Throughout Crunch 1 and Crunch 2, there have been various discussions and changes regarding the evaluation metrics (MSE vs Pearson vs Spearman). However, it remains unclear which metrics will be used. There are also concerns that the current metrics may not align with state-of-the-art metrics referenced in recent literature (cell-wise vs gene-wise correlation).
It is challenging to optimize models effectively without a clear understanding of the challenge objectives. Could you kindly provide more details on the evaluation metrics soon?
@enzo@cruncher-abde Would it be possible to add the Spearman computed gene-wise to the leaderboard as a side column just to look at it while we are waiting for decision? It requires a small tweak in the code and anyway the metrics are not decided yet. Maybe it will be even helpful for the final decision.
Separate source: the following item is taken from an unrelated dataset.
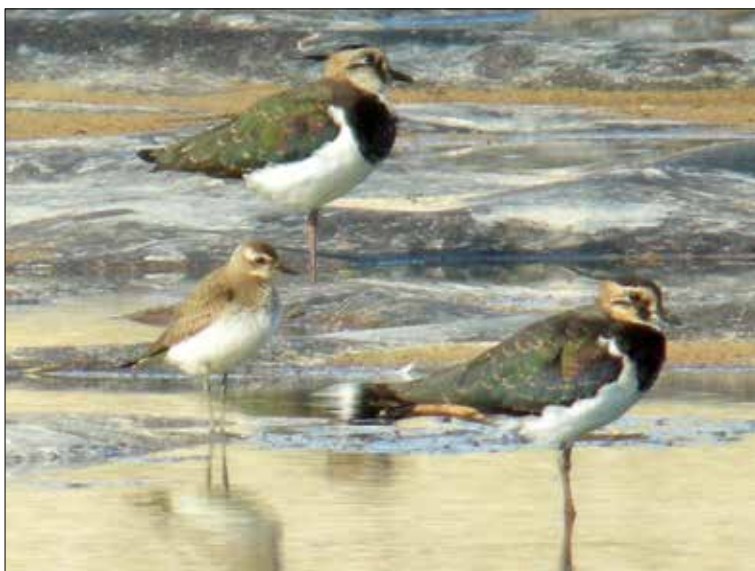
3. Gravelot asiatique Anarhynchus asiaticus , Ruan, Loiret, septembre 2015 (Pierre Laur-Fournié). Caspian Plover .

Loiret – Ruan, juv., phot., du 11 au 15 septembre (S. Branchereau, P. Chevrier, M. Lacroix).

Hi, here is a gene-wise implementation similar to your cell-wise implementation. Also, I am including a second shorter implementation with less transformation - just utilizing pandas.
import pandas
import numpy
import scipy
def _spearman_cell_wise(
prediction: pandas.DataFrame,
y_test: pandas.DataFrame,
):
cell_count = len(y_test.index)
weight_on_cells = numpy.ones(cell_count) / cell_count
A = y_test.to_numpy()
B = prediction.to_numpy()
rank_A = scipy.stats.rankdata(A, axis=1)
rank_B = scipy.stats.rankdata(B, axis=1)
corrs_cell = (
numpy.multiply(rank_A - numpy.mean(rank_A), rank_B - numpy.mean(rank_B)).mean(axis=1)
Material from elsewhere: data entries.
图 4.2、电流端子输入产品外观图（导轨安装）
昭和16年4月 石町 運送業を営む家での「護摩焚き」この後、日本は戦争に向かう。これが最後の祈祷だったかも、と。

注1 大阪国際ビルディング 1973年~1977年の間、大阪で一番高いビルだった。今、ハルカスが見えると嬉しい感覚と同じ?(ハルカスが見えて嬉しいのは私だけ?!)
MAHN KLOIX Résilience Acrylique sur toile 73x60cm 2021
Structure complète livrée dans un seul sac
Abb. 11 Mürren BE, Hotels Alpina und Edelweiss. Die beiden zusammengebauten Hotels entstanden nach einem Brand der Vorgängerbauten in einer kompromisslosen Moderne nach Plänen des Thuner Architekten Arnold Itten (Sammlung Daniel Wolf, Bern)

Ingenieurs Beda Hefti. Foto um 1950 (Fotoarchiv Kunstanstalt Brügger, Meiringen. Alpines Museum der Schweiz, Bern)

/ (numpy.std(rank_A, axis=1) * numpy.std(rank_B, axis=1))
)
corrs_cell[numpy.isnan(corrs_cell)] = 0
return numpy.sum(weight_on_cells * corrs_cell)
def _spearman_gene_wise(
prediction: pd.DataFrame,
y_test: pd.DataFrame,
):
# Ensure that y_test and prediction have the same number of columns
assert prediction.shape[1] == y_test.shape[1], "Prediction and y_test must have the same number of features (columns)"
feature_count = prediction.shape[1]
weight_on_features = np.ones(feature_count) / feature_count
# Convert DataFrames to numpy arrays for easier manipulation
A = y_test.to_numpy()
B = prediction.to_numpy()
# Compute ranks for both y_test and prediction for each feature (column-wise)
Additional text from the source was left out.